Re: [PATCH] PCI: Add missing link delays required by the PCIe spec
From: Bjorn Helgaas
Date: Mon Aug 26 2019 - 18:05:11 EST
On Mon, Aug 26, 2019 at 05:42:42PM +0300, Mika Westerberg wrote:
> On Mon, Aug 26, 2019 at 09:07:12AM -0500, Bjorn Helgaas wrote:
> > On Mon, Aug 26, 2019 at 01:17:26PM +0300, Mika Westerberg wrote:
> > > On Fri, Aug 23, 2019 at 09:12:54PM -0500, Bjorn Helgaas wrote:
> > > > But the "wait downstream" part seems a little too specific to be at
> > > > the .resume_noirq and .runtime_resume level.
> > > >
> > > > Do we descend the hierarchy and call .resume_noirq and .runtime_resume
> > > > for the children of the bridge, too?
> > >
> > > We do but at that time it is too late as we have already resumed pciehp
> > > of the parent downstream port and it may have already started tearing
> > > down the device stack below.
> > >
> > > I'm open to any better ideas where this delay could be added, though :)
> >
> > So we resume pciehp *before* we're finished resuming the Downstream
> > Port? That sounds wrong.
>
> I mean once we resume the downstream port (the bridge) we also resume
> "PCIe port services" including pciehp and only then descend to whatever
> device is physically connected to that port.
That order sounds right. I guess I'd have to see more details about
what's happening with pciehp to understand this. Do you happen to
have a trace (dmesg, backtrace, etc) of pciehp tearing things down?

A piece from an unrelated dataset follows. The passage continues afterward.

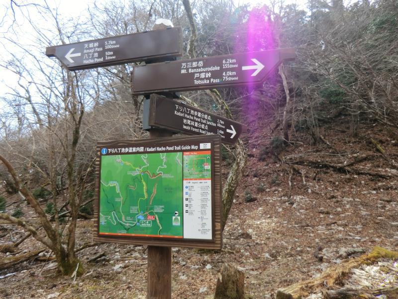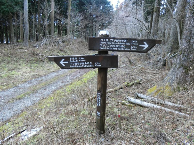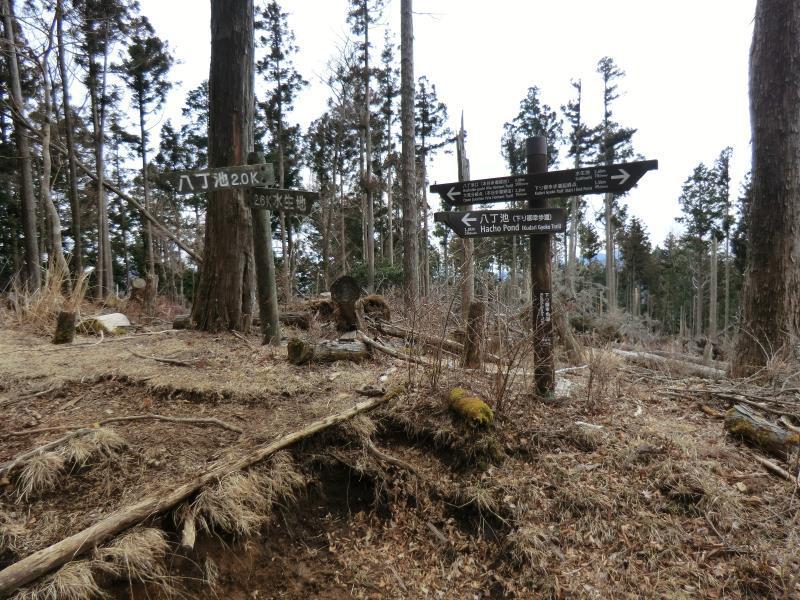 四差路で下り八丁池歩道分岐の看板と

> > > > > +static int pcie_get_downstream_delay(struct pci_bus *bus)
> > > > > +{
> > > > > + struct pci_dev *pdev;
> > > > > + int min_delay = 100;
> > > > > + int max_delay = 0;
> > > > > +
> > > > > + list_for_each_entry(pdev, &bus->devices, bus_list) {
> > > > > + if (pdev->imm_ready)
> > > > > + min_delay = 0;
> > > > > + else if (pdev->d3cold_delay < min_delay)

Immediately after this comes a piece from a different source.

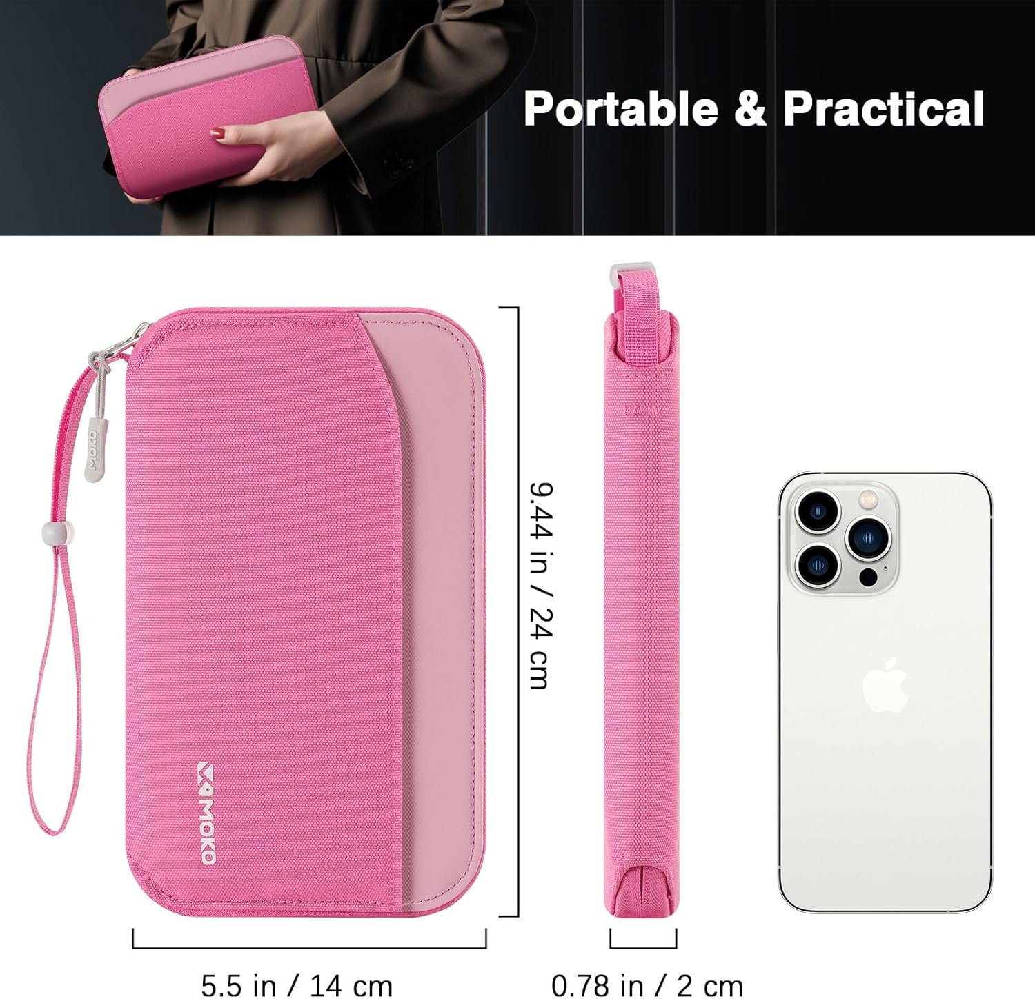 MoKo Passport Holder Family for Men and Women, RFID Travel Passport Wallet with Multiple Compartments, Travel Document Organzier for Cards, ID, Tickets, Keys, Pink

> > > > > + min_delay = pdev->d3cold_delay;
> > > > > + if (pdev->d3cold_delay > max_delay)
> > > > > + max_delay = pdev->d3cold_delay;
> > > > > + }
> > > > > +
> > > > > + return max(min_delay, max_delay);
> > > > > +}
> >
> > > > > + */
> > > > > +void pcie_wait_downstream_accessible(struct pci_dev *pdev)
> >
> > > > Do we need to observe the Trhfa requirements for Conventional PCI and
> > > > PCI-X devices here? If we don't do it here, where is it observed?
> > >
> > > We probably should but I intended this to be PCIe specific since there
> > > we have issues. For conventional PCI/PCI-X things "seem" to work and we
> > > don't power manage those bridges anyway.
> > >
> > > I'm not aware if Trhfa is handled in anywhere in the PCI stack
> > > currently.
> >
> > I think we should make this agnostic of the Conventional/PCIe
> > difference if possible. I assume we can tell if we're dealing with a
> > D3->D0 transition and we only add delays in that case. If we don't
> > power manage Conventional PCI devices, I assume we won't see D3->D0
> > transitions for runtime resume so there won't be any harm.
> >
> > Making it PCIe-specific seems like it adds extra code ("dev-is-PCIe
> > checks") with no obvious reason for existence and an implicit
> > dependency on the fact that we only power manage PCIe devices. If we
> > ever *did* support runtime power-management for Conventional PCI, we'd
> > trip over that implicit dependency and probably debug this issue
> > again.
> >
> > But I guess it might slow down system resume for Conventional PCI
> > devices. If we rely on delays in firmware, I wonder if there's
> > any point during resume where we could grab an early timestamp, then
> > take another timestamp here and deduce that we've already delayed the
> > difference?
>
> That sounds rather complex, to be honest ;-)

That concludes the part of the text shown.